Dáil debates

Wednesday, 18 October 2023

Situation in the Middle East and the Occupied Palestinian Territories: Statements

 

5:20 pm

Photo of Patrick CostelloPatrick Costello (Dublin South Central, Green Party) | Oireachtas source

In 2014, I spent some months in occupied Palestine as a human rights observer. In these dark days, the people and activists I met both in Israel and in Palestine are never far from my thoughts. What was perpetrated against innocent civilians in the attacks by Hamas was horrendous. Nothing can justify it. The scale and the nature of the bombing in Gaza in response is worse than anything we have seen before.
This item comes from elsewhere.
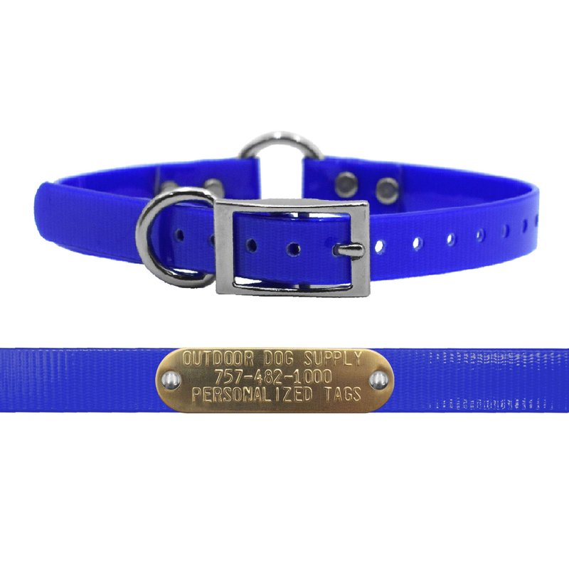 Outdoor Dog Supply's 3/4" Wide Solid Ring in Center Dog Collar Strap with Custom Brass Name Plate … (Blue)

The ground assault that is still to come will add yet more brutality.

We must remember the root of the endless cycle of barbarity is the ongoing illegal occupation. The simple fact is that the cycle of barbarity will continue until we address the occupation. More innocent lives will be needlessly taken on both sides.
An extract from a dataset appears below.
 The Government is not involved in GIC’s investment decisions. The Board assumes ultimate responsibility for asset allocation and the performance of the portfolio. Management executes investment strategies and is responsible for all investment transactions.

I will pause for a moment to extend, as others have, my condolences to the families of Kim Damti and Emily Hand. I will also take a moment to extend my condolences to the family of Lara and Yara Alagha. Yara and Lara are two young women who work with us here in the Oireachtas. They lost ten family members, aged between one and 80 in one night. With one bomb, they lost ten family members. I would hope that the Tánaiste would, if he was here, be willing to extend his condolences to them. To be honest, I find it disappointing that he did not do so at the beginning.
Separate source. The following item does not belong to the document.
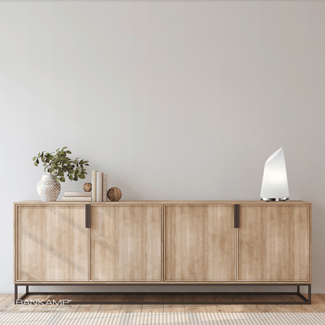 Die Tischleuchte Navigare/Sail bietet eine elegante und funktionale Beleuchtung für jeden Flur oder Wohnzimmer. Die Leuchte lässt sich einfach über einen Schnurschalter bedienen der sich an dem Textilkabel der leuchte befindet. Dank ihrer eleganten Form passt sie perfekt auf Tische und Regale.

As I have said, the root of the endless violence and barbarity is the ongoing illegal occupation. To see this, one need only look at what is now happening in the West Bank. In the last week, state-armed settlers and soldiers have killed 51 people and two villages have been left depopulated. Are these villages just going to join the list of disappeared places like Deir Yassin, Ein al-Zeitun and Saliha, places emptied of their people by Israeli violence for which there were absolutely no consequences?

The occupation's cruelty is something I saw and documented at first-hand. In the years since, it has just worsened. B'Tselem, Amnesty and Human Rights Watch have all rightly called this apartheid. The number of illegal settlements continues to grow and has been growing faster. The impunity of settlers in carrying out harassment attacks on Palestinians has led to such attacks becoming more overt and widespread. Through the violence used to maintain the occupation and the cruelty it doles out to Palestinians every day, Israel is wildly in breach of international law, yet we do nothing to respond or to punish such behaviour. As such, we have ultimately allowed this situation to continue and to get worse. We see forced displacement, demolitions, forced transfers, permit systems, the apartheid system, indiscriminate killing and arrest and imprisonment without trial. The list goes on and on.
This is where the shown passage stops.